Quest for Principals in Architecture

architect Christian Kerez
interviewed by Vera Grimmer, Tadej Glažar

 

Interviewed in Zürich 8 May 2012

 

A professor at the best schools – Harvard and ETH Zurich – the author of works already deemed anthological – the chapel in Oberralta, the house in Försterstrasse, the Single-Wall House, the school in Leutschenbach – Christian Kerez has built his own position that is independent of the currently prevalent discussions and trends. He considers that for architecture space has the same meaning as does sound for music, so he always begins with an abstract concept, never with narrative images. The apparent simplicity and reduction are the result of Kerez’s attitude that ‘reduction makes architectural elements more radical and visible’. For Kerez there is neither the hierarchy of materials, nor space – each element supports all the others. In the ambiguous architectural process simplicity is turned into complexity.

 

 

ORIS: The process of thinking and designing is always led by a certain idea connecting disparate and very different things into a whole. This may resemble mathematical operations also containing some poetic and irrational potential. Perhaps I may quote something from the novel The Confusions of Young Torless (Die Verwirrungen des Zöglings Törleß). Torless speaks of mathematical calculations with the imaginary number i, that should not exist, because the square root of a negative number does not exist, but nevertheless achieves results: ‘Isn’t that like a bridge where the posts are there only at the beginning and at the end, with none in the middle, and yet one crosses it just as surely and safely as if the whole of it were there? That sort of operation makes me feel a bit giddy,’ still we have such a firm hold.

 

Kerez: I am very interested in Robert Musil; I have read The Man Without Qualities (Mann ohne Eigenschaften), The Confusions of Young Torless, and Three Women (Drei Frauen). What interests me in relation to his writing, but also his person, is the fact that he was a scientist, he comes from the realm of science, but in a sense strived to describe the world as a whole (without the specialization often inherent in scientists).

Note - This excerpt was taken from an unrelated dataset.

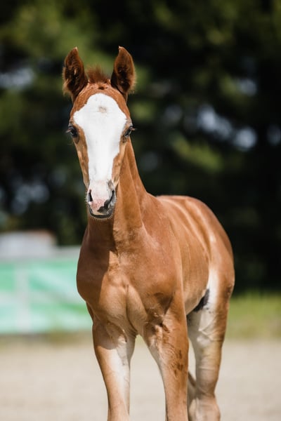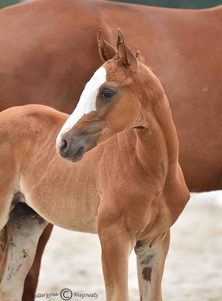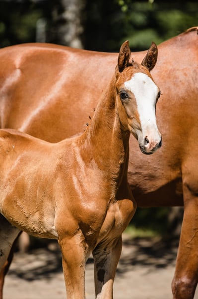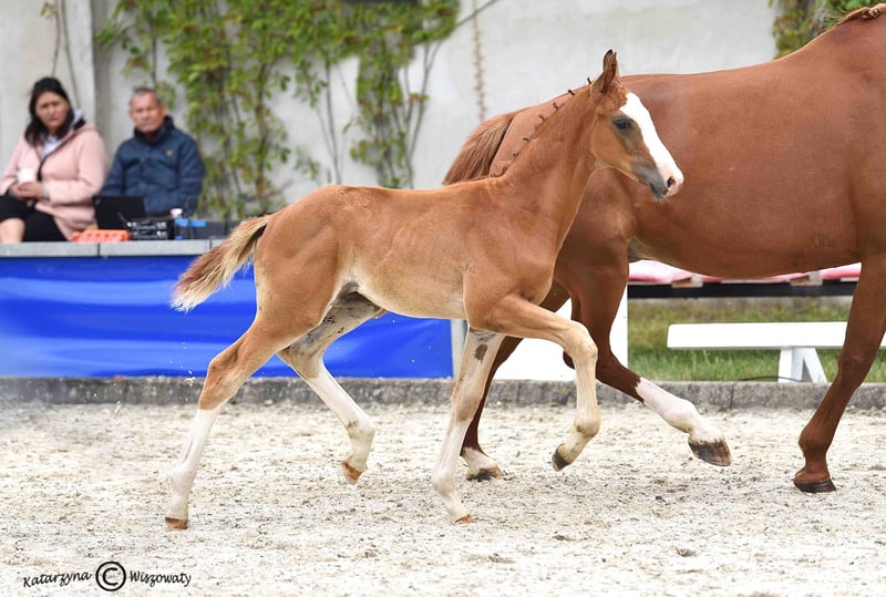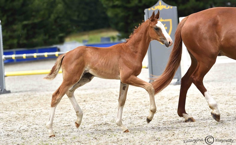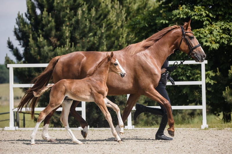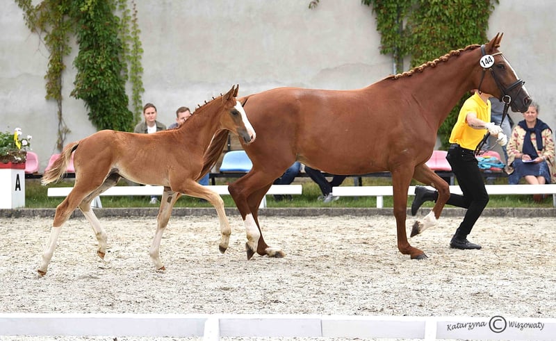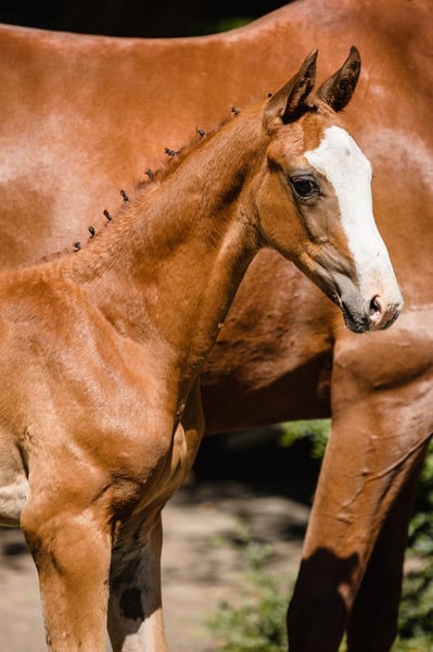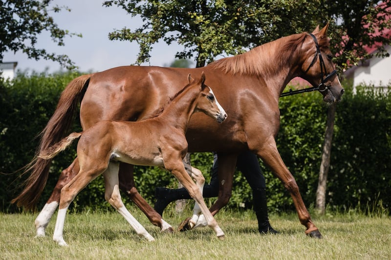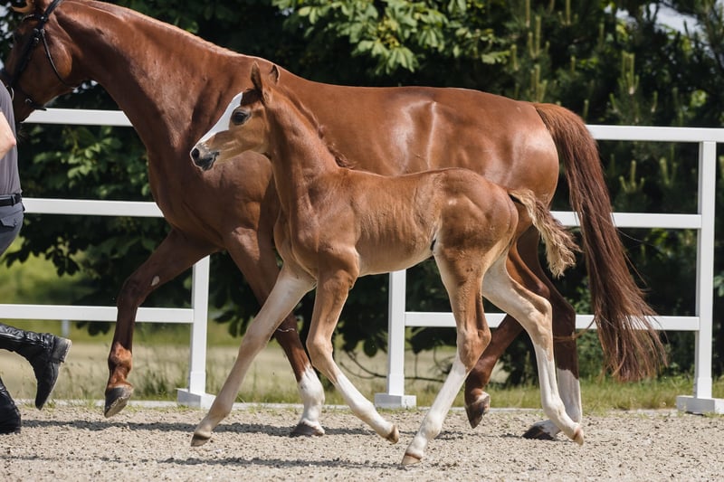 Bugatti is a colt from an amazing dressage Hanoverian line. Chestnut and with beautiful white marks: three very high socks and bald face, he looks spectacular whenever he moves. Extremely well-built with great proportions and active hind legs, we already see that he will become an amazing sport companion. Bugatti’s father, Benicio, is a great example of how a Hanoverian stallion should look like. In his 30-day test in Schlieckau, he received the maximum score of 10.0 a total of ten times. The weighted final score of 9.14 meant a clear victory. His HLP breeding value for dressage amounted to 167. Bugatti’s mother is a black, modern, extremely stylish Westphallian mare named Finschen.

He did not retreat to a restricted area to affirm himself, but claimed universality. He actually abandoned science since he abandoned the rational as one of the possibilities of the world view. Still, this attempt to encompass the totality of the world had to fail; the novel was never finished, and the rational effort to take the world as a whole inevitable lead to irrationality, which is also part of that world. This fascinates me because in architecture, when we combine various elements, we tend to create the whole. But this imaginary whole does not represent a simple truce between things that do not interfere with each other, obediently and agreeably standing hand in hand, just as the practice of numerous representatives of Swiss minimalism was. Dealing with principal architectural means leads to simple questions: what is architecture, how to understand it, how to comprehend it? In the sense of reduction I am interested in just the opposite, to find an open, fragile system that simultaneously represents a large window open to the world, in no way a kind of a haven to retreat to where everything is nicely and neatly harmonized. On the contrary, contradictions also characterize the world, as in a Mondrian painting where things are sharply confronted in principle, because this is how true harmony is created, as Mondrian said.